*** Data shown Section Begins ***
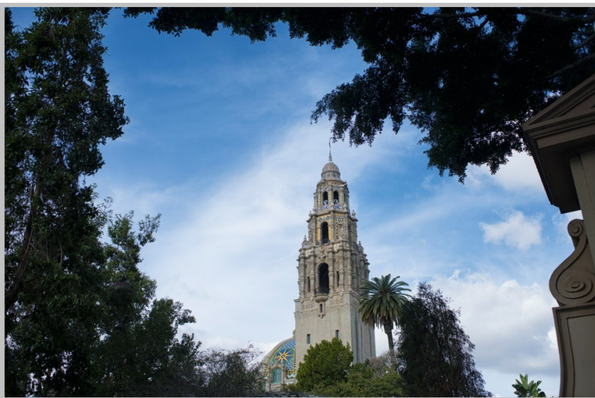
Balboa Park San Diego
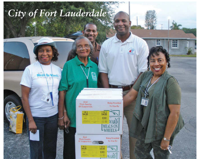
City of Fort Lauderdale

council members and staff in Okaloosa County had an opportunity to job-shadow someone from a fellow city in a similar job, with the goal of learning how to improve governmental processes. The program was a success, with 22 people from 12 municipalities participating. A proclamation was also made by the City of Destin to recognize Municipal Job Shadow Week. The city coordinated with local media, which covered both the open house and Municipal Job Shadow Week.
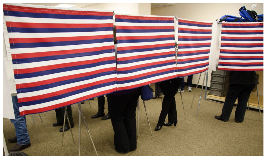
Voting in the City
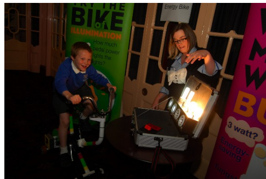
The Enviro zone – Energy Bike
*** Data shown Section Ends ***
*** Data shown Section Begins ***
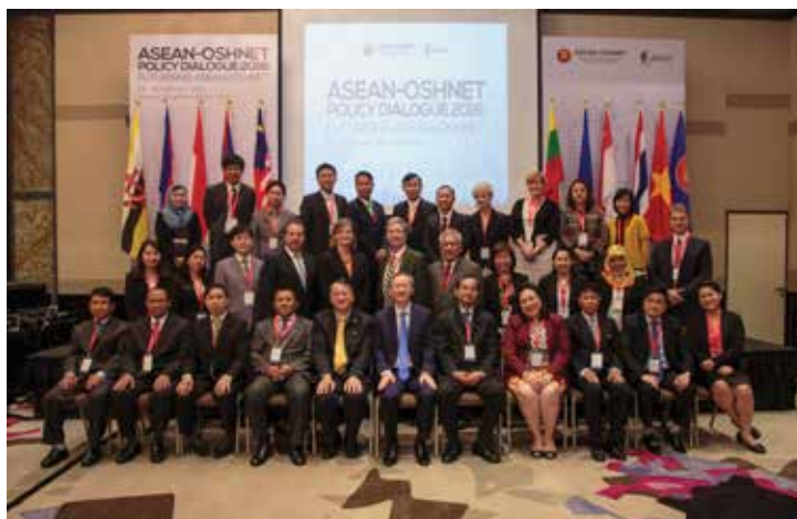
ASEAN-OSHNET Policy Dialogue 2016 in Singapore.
*** Data shown Section Ends ***
◆ Task description ◆
Range to print from the listing above: from the line with "council members and" up to and including the line with "The Enviro zone – Energy Bike". Please print those lines exactly, with no pictures and nothing more.

◆ Output of the task ◆
council members and staff in Okaloosa County had an opportunity to job-shadow someone from a fellow city in a similar job, with the goal of learning how to improve governmental processes. The program was a success, with 22 people from 12 municipalities participating. A proclamation was also made by the City of Destin to recognize Municipal Job Shadow Week. The city coordinated with local media, which covered both the open house and Municipal Job Shadow Week.
Voting in the City
The Enviro zone – Energy Bike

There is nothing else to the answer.